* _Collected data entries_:
══════════
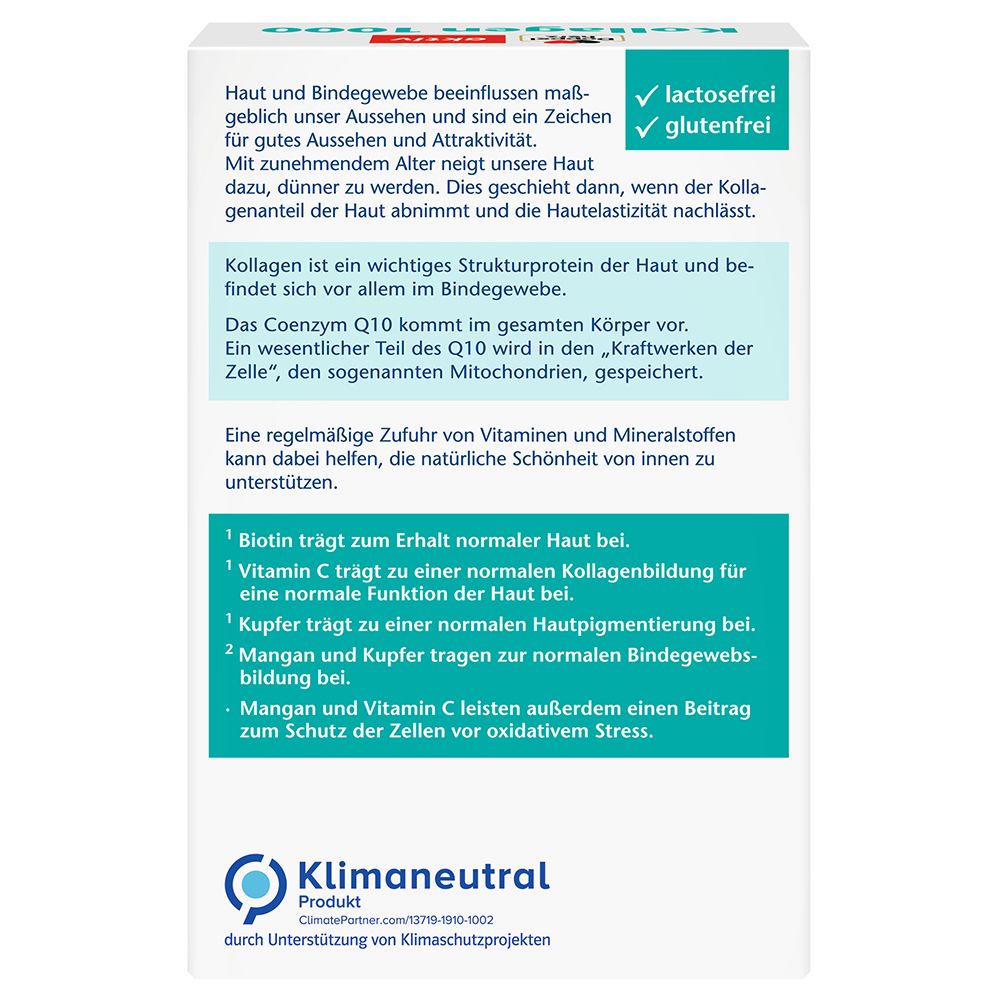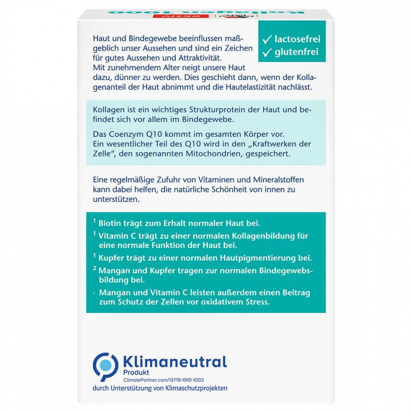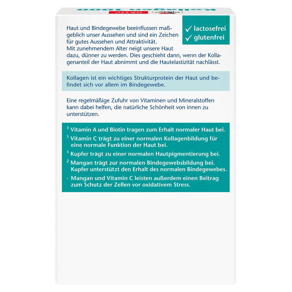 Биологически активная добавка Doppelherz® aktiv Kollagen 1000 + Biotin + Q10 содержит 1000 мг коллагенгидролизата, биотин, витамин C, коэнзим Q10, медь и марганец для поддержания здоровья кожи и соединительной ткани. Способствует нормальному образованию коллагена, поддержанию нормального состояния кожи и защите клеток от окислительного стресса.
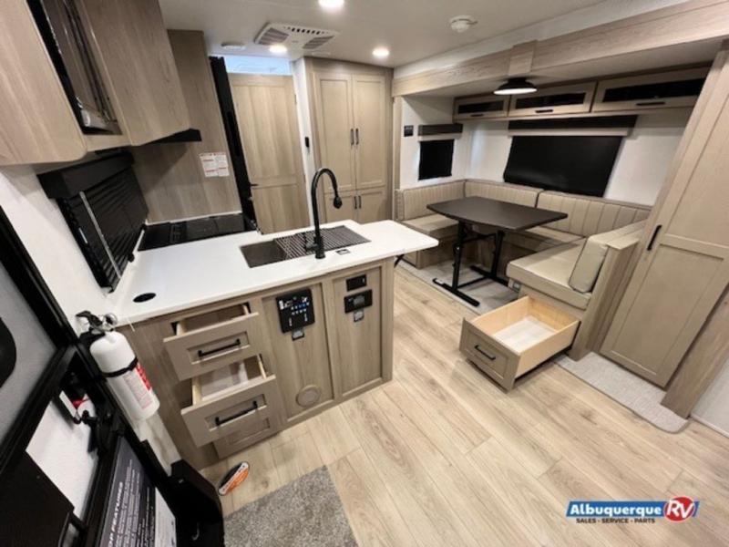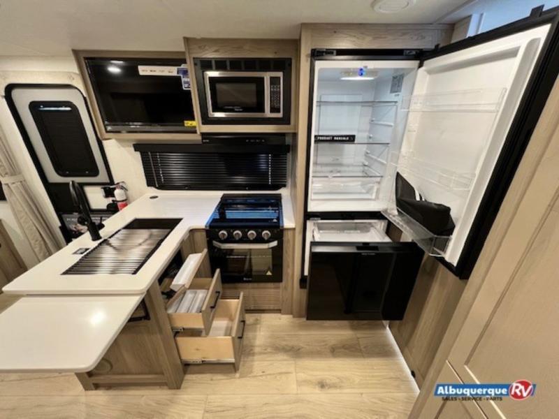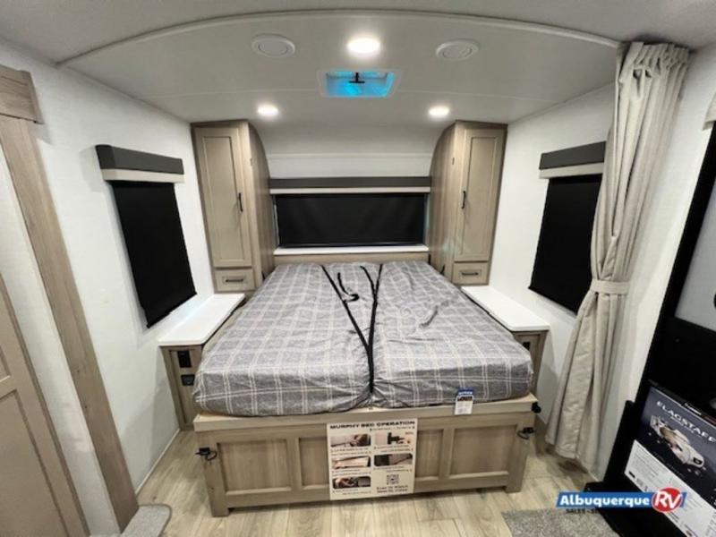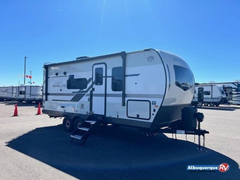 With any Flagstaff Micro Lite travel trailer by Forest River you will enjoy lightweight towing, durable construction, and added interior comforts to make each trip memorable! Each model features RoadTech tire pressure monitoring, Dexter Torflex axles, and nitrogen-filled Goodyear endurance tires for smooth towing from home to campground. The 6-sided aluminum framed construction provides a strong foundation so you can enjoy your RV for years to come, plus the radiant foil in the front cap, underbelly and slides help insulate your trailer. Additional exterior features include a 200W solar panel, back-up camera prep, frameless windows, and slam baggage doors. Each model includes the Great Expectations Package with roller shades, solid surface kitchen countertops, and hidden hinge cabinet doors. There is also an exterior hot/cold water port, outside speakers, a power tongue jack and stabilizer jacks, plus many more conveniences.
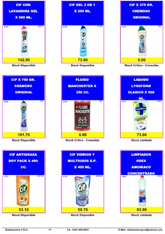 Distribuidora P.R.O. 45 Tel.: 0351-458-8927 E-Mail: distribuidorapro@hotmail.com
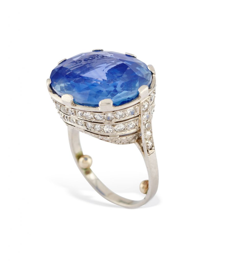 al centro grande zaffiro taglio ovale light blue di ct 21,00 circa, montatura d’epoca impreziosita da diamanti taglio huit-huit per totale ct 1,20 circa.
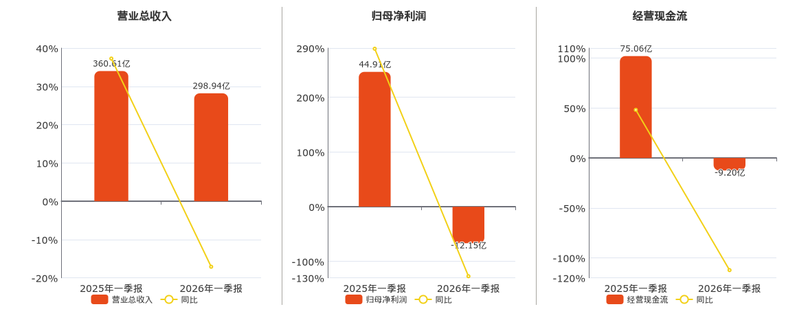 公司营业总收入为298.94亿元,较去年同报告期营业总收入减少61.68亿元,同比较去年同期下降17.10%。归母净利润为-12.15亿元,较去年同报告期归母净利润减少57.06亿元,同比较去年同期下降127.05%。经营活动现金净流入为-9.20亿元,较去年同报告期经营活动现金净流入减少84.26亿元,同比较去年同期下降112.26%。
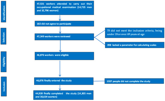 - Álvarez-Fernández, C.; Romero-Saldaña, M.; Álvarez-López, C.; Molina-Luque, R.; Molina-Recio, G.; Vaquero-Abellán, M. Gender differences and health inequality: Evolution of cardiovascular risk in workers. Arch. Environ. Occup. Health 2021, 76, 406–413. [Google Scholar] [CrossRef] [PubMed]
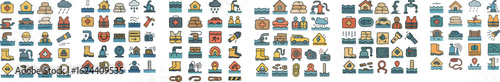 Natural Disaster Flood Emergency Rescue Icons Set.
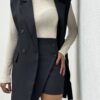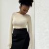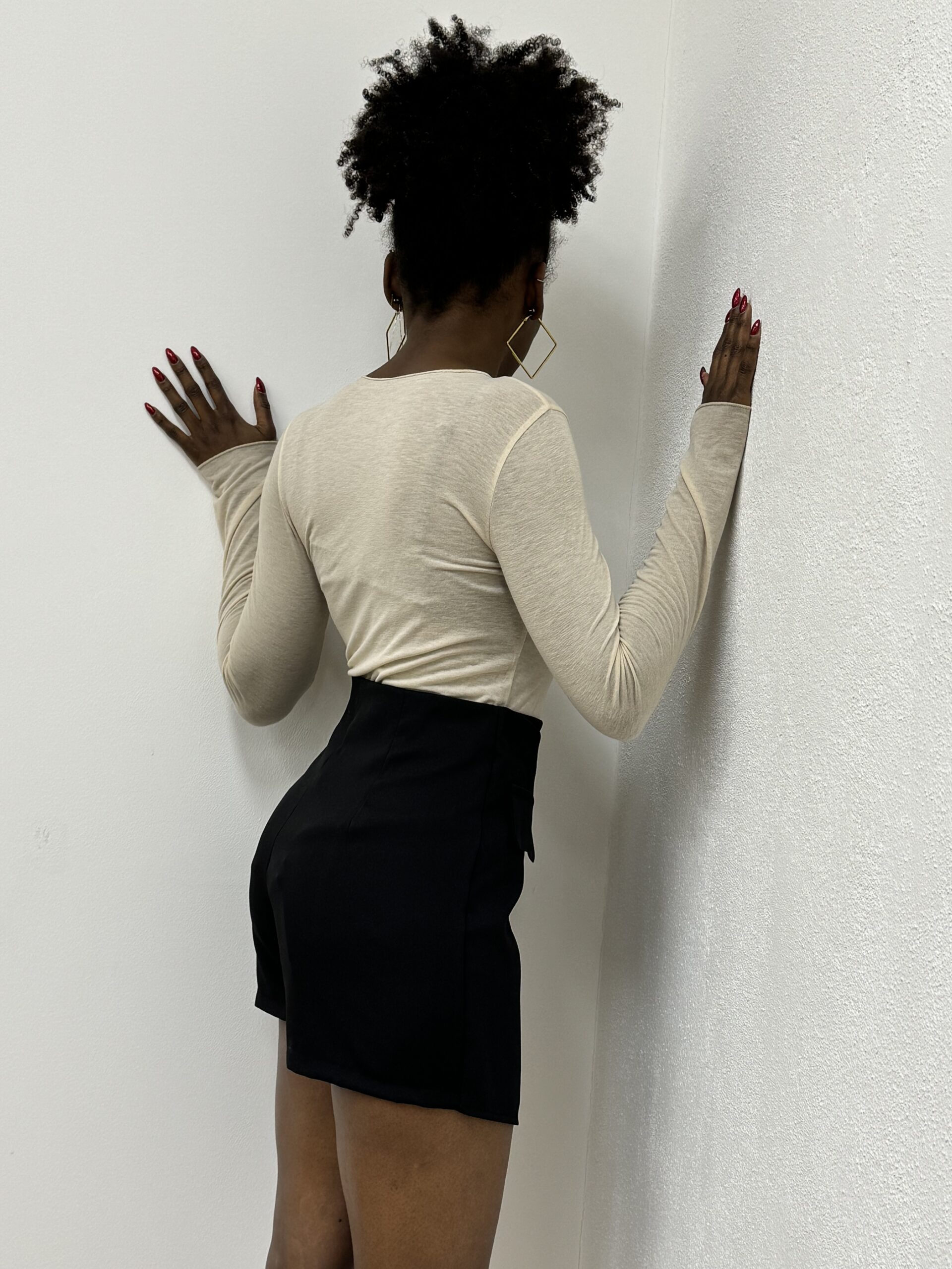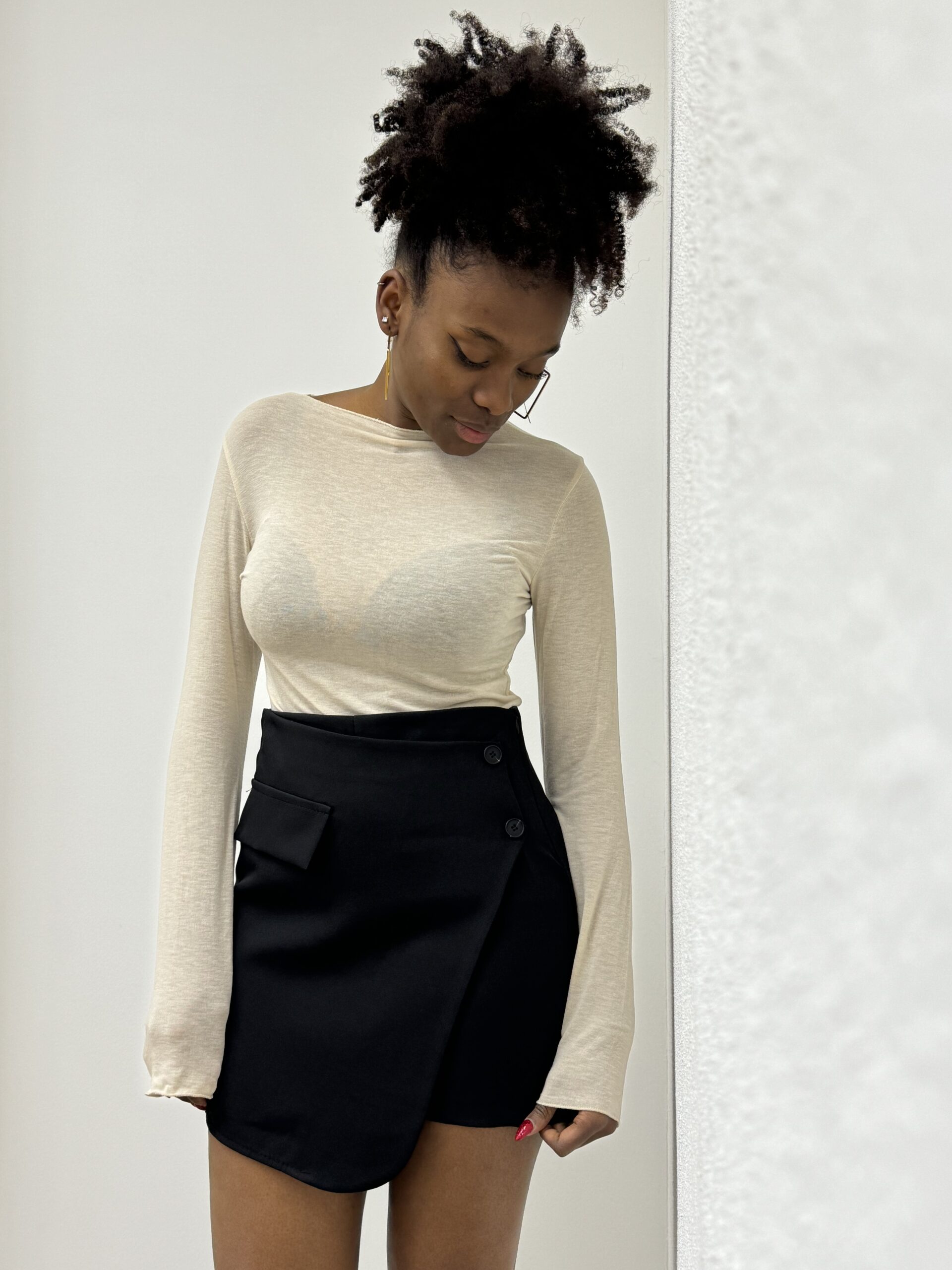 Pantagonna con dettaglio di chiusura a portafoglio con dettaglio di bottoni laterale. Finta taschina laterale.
══════════
* _WHAT YOU HAVE TO DO_: Repeat exactly the lines from the one containing "Natural Disaster Flood" through the last line of the records above, both included, and leave out the pictures.

* _ANSWER TO THIS EXERCISE_:
 Natural Disaster Flood Emergency Rescue Icons Set.
 Pantagonna con dettaglio di chiusura a portafoglio con dettaglio di bottoni laterale. Finta taschina laterale.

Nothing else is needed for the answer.